We here provide the mutational profile of younger patients with breast cancer below 40 years of age versus their older counterparts as determined via powerful next-generation sequencing (NGS) analysis. No statistically significant differences were observed between the histopathological characteristics and the intrinsic molecular subtypes of breast cancer between the two groups although the sample size of the entire cohort is relatively small and the data is limited. However, younger patients tended to present with HER2-overexpressing [25% vs 18.9%], highly proliferating [ki67 ≥ 20%: 75% vs 61%] and high grade [71.9% vs 60%] tumors in a higher percentage. In contrast, luminal A breast cancer was more frequently identified in older women [18.75% vs 30%] compared to younger patients. PIK3CA and TP53 were the most frequent pathogenic somatic mutations identified in both subgroups harboring around 30% of the cases analyzed. These results are in agreement with previous studies that report an incidence of PIK3CA and TP53 somatic mutations in ~25-30% of breast tumors (8, 13, 14). All of the other somatic mutations detected (ATM, AKT, CHEK2, NRAS, CDKN2A, PTEN, NF1, RB1, FGFR1, ERBB2, PTEN, BRCA2) were identified in a percentage <2% of breast tumors as previously reported in the literature (8, 14). Indeed, NGS studies have revealed that the majority of cancer genes are mutated at frequencies of less than 5 or even 2% revealing a “long tail” of rare yet recurrent breast cancer genes (14). The most common PIK3CA somatic mutation identified was c.3140A>G (rs121913279) in younger women, whereas c.1633G>A (rs104886003) was the one most frequently detected in older patients.
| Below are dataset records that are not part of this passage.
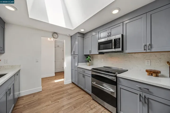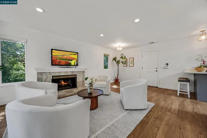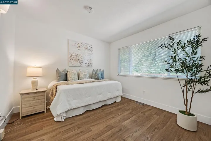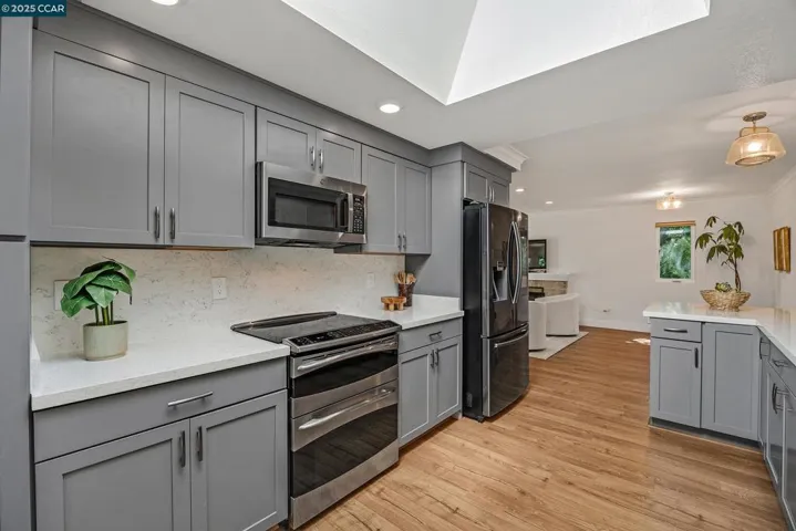 Tucked away on a quiet cul-de-sac and framed by a lush backdrop of mature trees, this 3-bed, 2.5-bath, appx. 2079 square foot two-story single-family home is a private retreat just minutes from the Contra Costa Country Club Golf Course. Step outside to not one, but two Trex decks, which are perfect for morning coffee surrounded by nature or evenings unwinding in your private jacuzzi under the stars. On the main level, natural light pours through the skylights and expansive picture windows, framing mature oaks and a seasonal creek. The heart of the home—a beautifully updated kitchen- offers the ideal blend of modern style and everyday functionality, ready to inspire your inner chef. Downstairs, you will love relaxing in the ample-sized primary bedroom retreat, which offers access to the back deck, a spa-like bath, a large walk-in closet and a convenient utility/laundry room with plenty of space for storage. Live near Hidden Lakes Park, Paso Nogal Dog Park, Diablo Valley College, shopping, excellent public schools, and freeways. Whether you’re entertaining on the deck or enjoying a quiet moment with nature, this home offers a lifestyle that’s both connected and serene.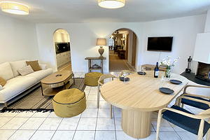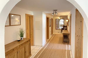 Eingang mit Garderobe, Wohn-/Esszimmer mit Cheminée, TV, WLAN-Internet, moderne, gut ausgestattete Küche mit Geschirrspüler, 2 Schlafzimmer mit je 1 Doppelbett, 1 Schlafzimmer mit 1 Bett, Bad/WC mit Waschmaschine und Tumbler, Dusche/WC, Zusatzmatratze für eine 6. Person auf Vorbestellung möglich.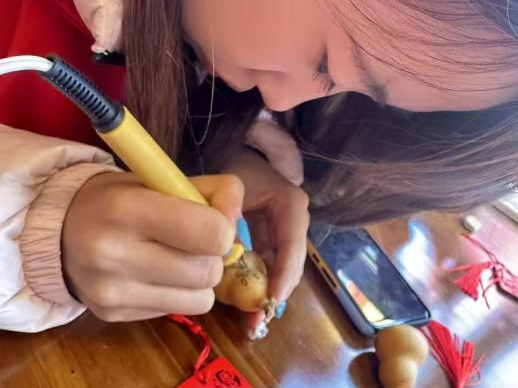 最让同学们着迷的莫过于烙画葫芦体验区。一个个形态各异的葫芦整齐排列,非遗传承人手持烙铁,在葫芦表面轻轻熨烫,深浅不一的烙痕逐渐勾勒出山水、花鸟、人物等精美图案,古朴而雅致。同学们怀着敬畏之心,接过烙铁,在传承人的指导下控制温度、掌握力度。从简单的线条勾勒到复杂的图案创作,每一步都考验着大家的专注力与创造力。当温热的烙铁与光滑的葫芦表面接触,独特的焦香弥漫开来,一幅属于自己的烙画葫芦作品也随之诞生。这不仅是一次技艺的体验,更是一次与传统匠心的对话,让同学们深刻感受到了非遗技艺“慢工出细活”的精髓。

The most common somatic PIK3CA mutations are c.1624G>A, c.1633G>A, c.3140A>G and c.3140A>T, accounting for more than 90% of all mutations (15).
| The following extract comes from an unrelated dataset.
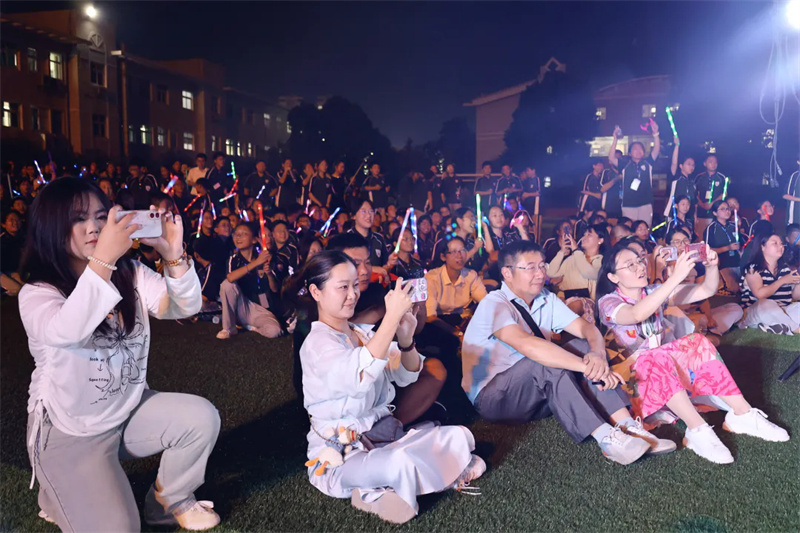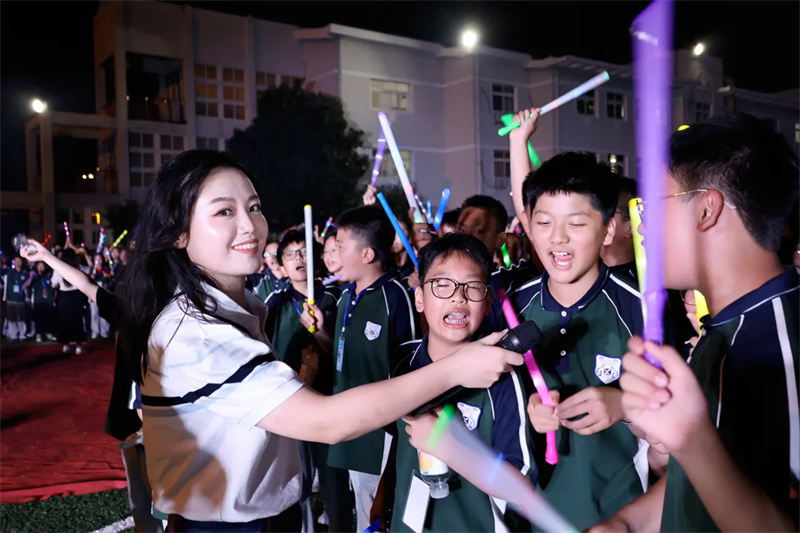 台下,荧光棒汇成璀璨星河,掌声、欢呼声此起彼伏。猜歌互动环节,同学们争先恐后,展现“中华小曲库”实力;每个节目结束,都有自发组成的“啦啦队”呐喊助威。这一刻,每个人都是晚会最闪亮的明星!

As for germline mutations, the high prevalence of CHEK2 [3/25; 12%] and BRCA1/2 germline mutations [3/25; 12%] in younger patients (<40 years) is of clinical significance. It has been shown that BRCA1 mutation and CHEK2 mutations, especially the CHEK21100delC germline mutation occurs more frequently in younger patients. Approximately 2% of patients with breast cancer carry a BRCA1 mutation, but among young patients this percentage rises up to 6-7% (16, 17). In addition, BRCA1 mutation carriers tend to be diagnosed at younger ages than noncarriers (16, 17). It has been shown that CHEK2 germline mutation carriers are at increased risk of developing female breast cancer with a predisposition to ER-positive disease and colon cancer (18). CHEK2 is a tumor suppressor gene that encodes a serine/threonine kinase, the CHK2, that is involved in multiple cellular pathways such as DNA repair, cell cycle and apoptosis. Various aberrations in CHEK2 gene have been recorded, including 1100delC, I157T, R117G, I160M, G167R and G167A (19). The most common germline mutation identified in our study was c.470T>C (p.Ile157Thr). It has been shown that the I157T variant is associated with breast cancer [odds ratio (OR) 1.4; p=0.02], prostate (OR 1.7; p=0.002), kidney (OR 2.1; p=0.0006), colon (OR 2.0; p=0.001) and thyroid (OR 1.9; p=0.04) cancer (19). A two-fold risk for breast cancer in carriers of CHEK2 mutations compared with noncarriers has been reported with a lifetime risk of breast cancer of approximately 15% to 20% (20). The risk of developing breast cancer in CHEK2 mutation carriers is associated with family history and increases when the carriers have first- and second-degree relatives who are affected (21). Of note, the rate of CHEK2 germline mutations was higher in the younger population (<40) compared to the older subgroup [12% vs 3%]. Whether CHEK2 mutations could be associated with early-onset breast cancer should be further investigated.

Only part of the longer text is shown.